MCO 450 – Visual Comm: Module 4
Ethical Concerns in Photography
This was part of an NPR story in 2016. It was an amazing listen on “The American Flag’s Role In Racial Protest”. The black man in this photograph, Ted Landsmark was a lawyer with a civil rights background. Late for a meeting at city hall, he found himself in the middle of a protest desegregation.
“That way a user can decide whether or not she wants to click on the link and see the image. This golden mean (See Chapter 6) solution is common with television presentations.” (Lester, Paul. Visual Communication: Images with Messages (p. 324).) While not gruesome as a wreck, murder, accident, you can only imagine the ghastly means of utilizing a sharp-ended flagpole this way. To me, discretion is only a method in which people chose to look at life through “rose-colored glasses”.
This photograph is as historic as the photographs of the recent and ongoing rioting and protesting today. Portrait photography, to me, is something you can close your eyes and file it away back in the mind or disregard it as trash. Objective photography of events and aftermaths are items which, when scene, tends to have the viewer project their proximity, and that is what makes it uncomfortable.
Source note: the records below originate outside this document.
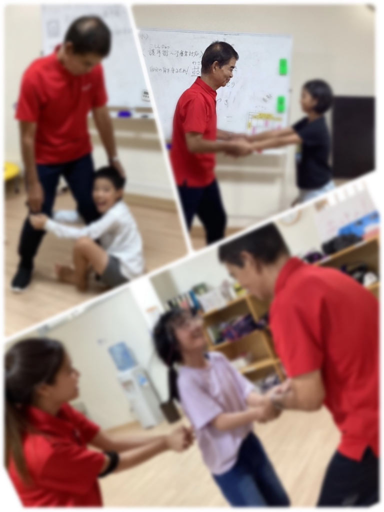 「肘寄せ」「両手抜き」「合掌どり」「だきつき」など、不審者に手をつかまれたときに使える技を職員が分かりやすくレクチャー👊✨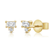 Elegant Baguette & Round Diamond Stud Earrings in 14K Gold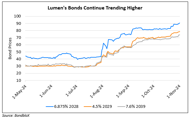 Lumen’s bonds rallied by over 1.5-2 points across the curve. The company announced an agreement with Amazon Web Services (AWS) to boost connectivity and network optimization for AI-driven cloud applications across the US. Lumen will provide fiber connectivity to AWS data centers, while Lumen will use AWS technologies, including AI, ML and security solutions, to modernize its network and product infrastructure.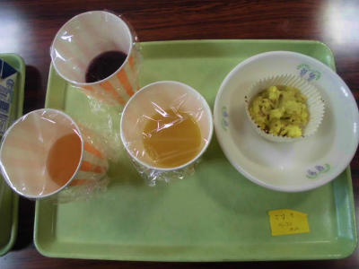 アレルギー対応でタルトぬきのさつまいも、交流給食5年生紅組児童にはオレンジズジュース、りんごジュース、ぶどうジュースのセレクトでした。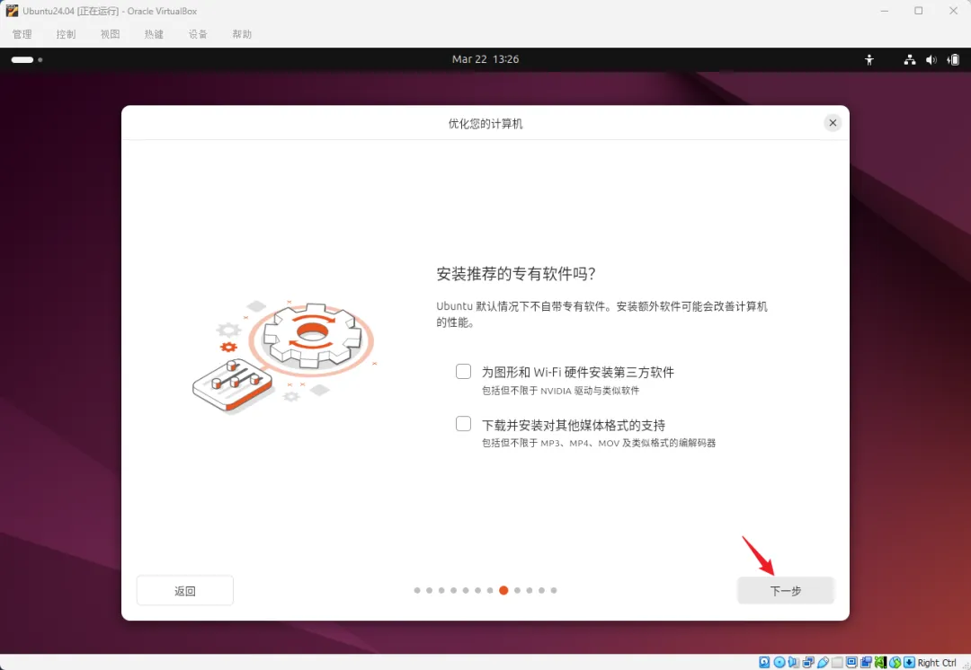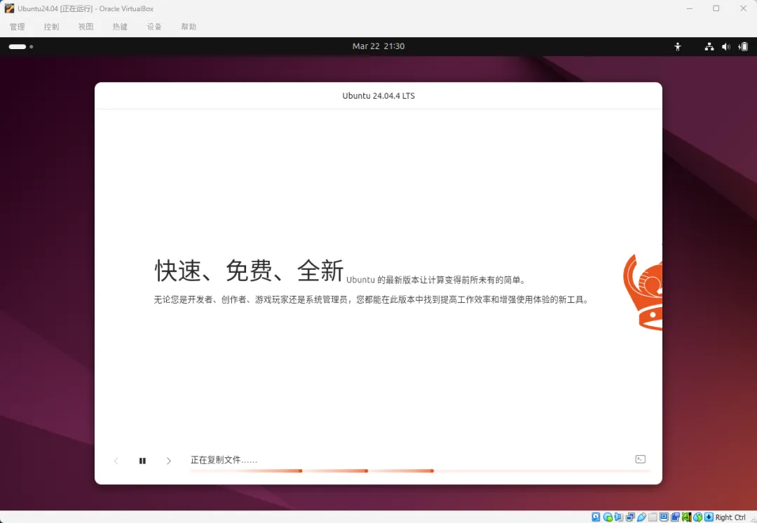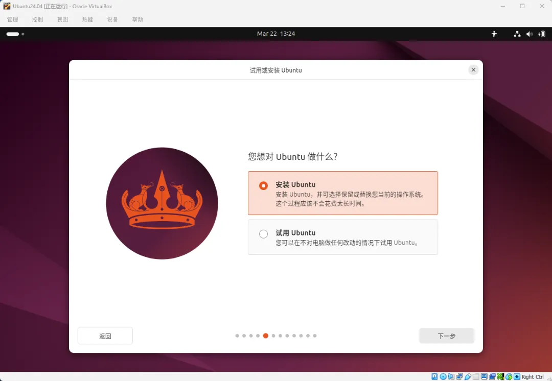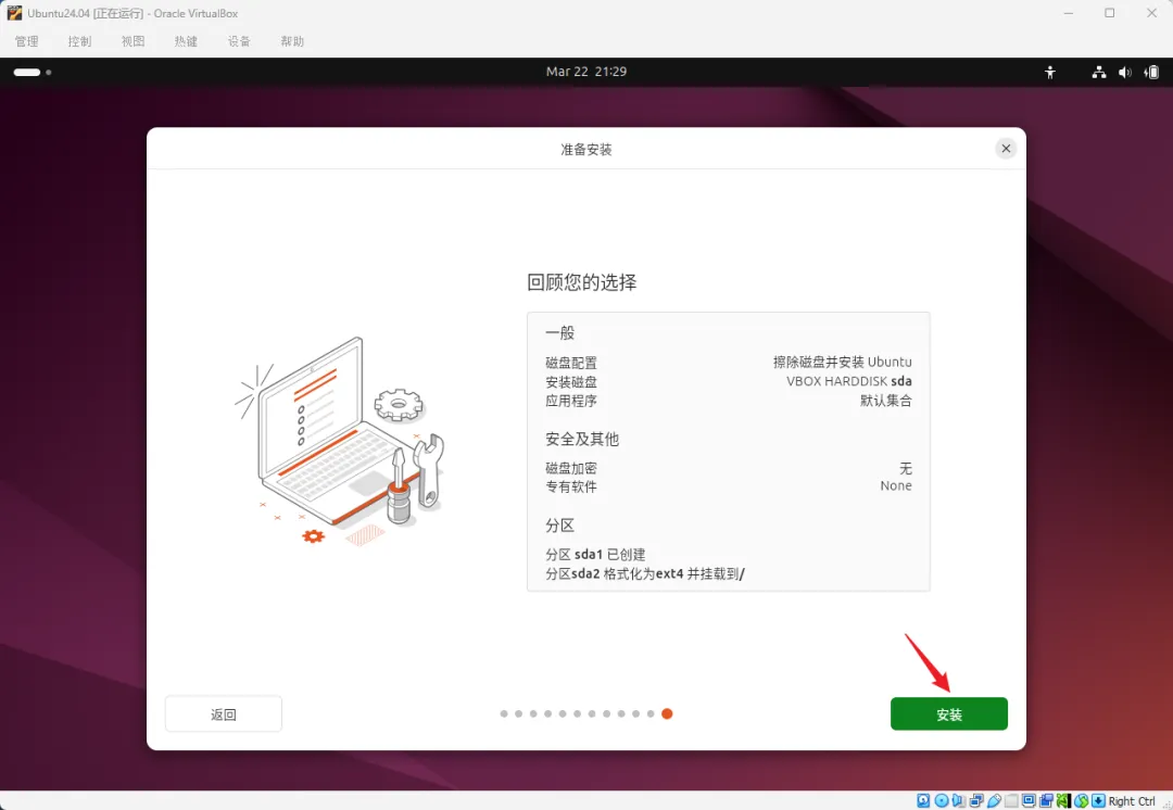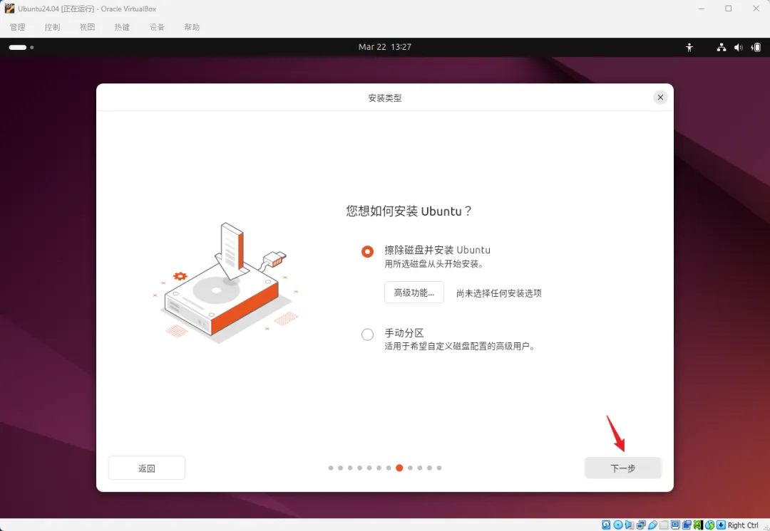• 安装类型选"擦除磁盘并安装Ubuntu"(别怕,擦的是虚拟硬盘,不是你真硬盘)
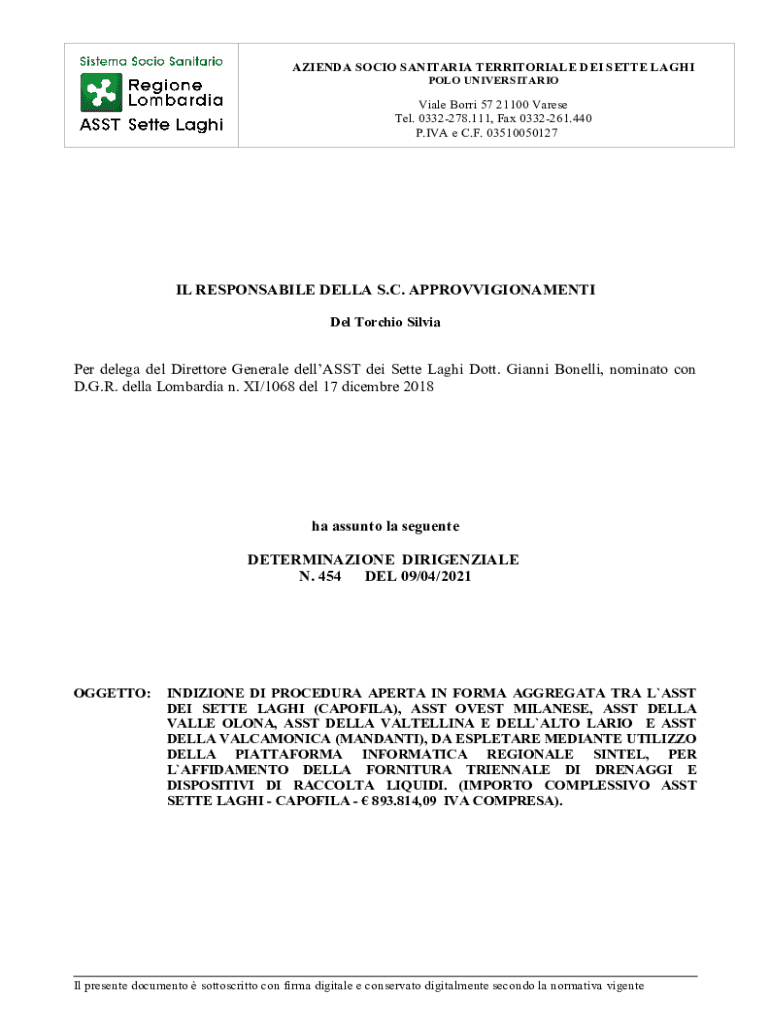 AGENDA SO CIO SANITARIAN TERRITORIAL DEI Settles LA GHI POLO UNIVERSITARIOViale Born 57 21100 Varese Tel. 0332278.111, Fax 0332261.440 P.IVA e C.F. 03510050127IL RESPONSIBLE DELLA S.C. APPROVVIGIONAMENTI

I feel there are some things you should not be able to decide whether you want to see it because that’s not truly life. Life is unapologetic and will slap you across your very being with such fast-moving decisions you cannot make. The more we shield and cower behind protections labeled as discretion and ethical, the more we ignore and choose to not participate because knowing right from wrong means you have to admit there is something wrong and then you have a responsibility to act to rectify the situation. Many people are not ready for that responsibility. This means that history tends to repeat itself because people refuse to accept the responsibility that comes with seeing.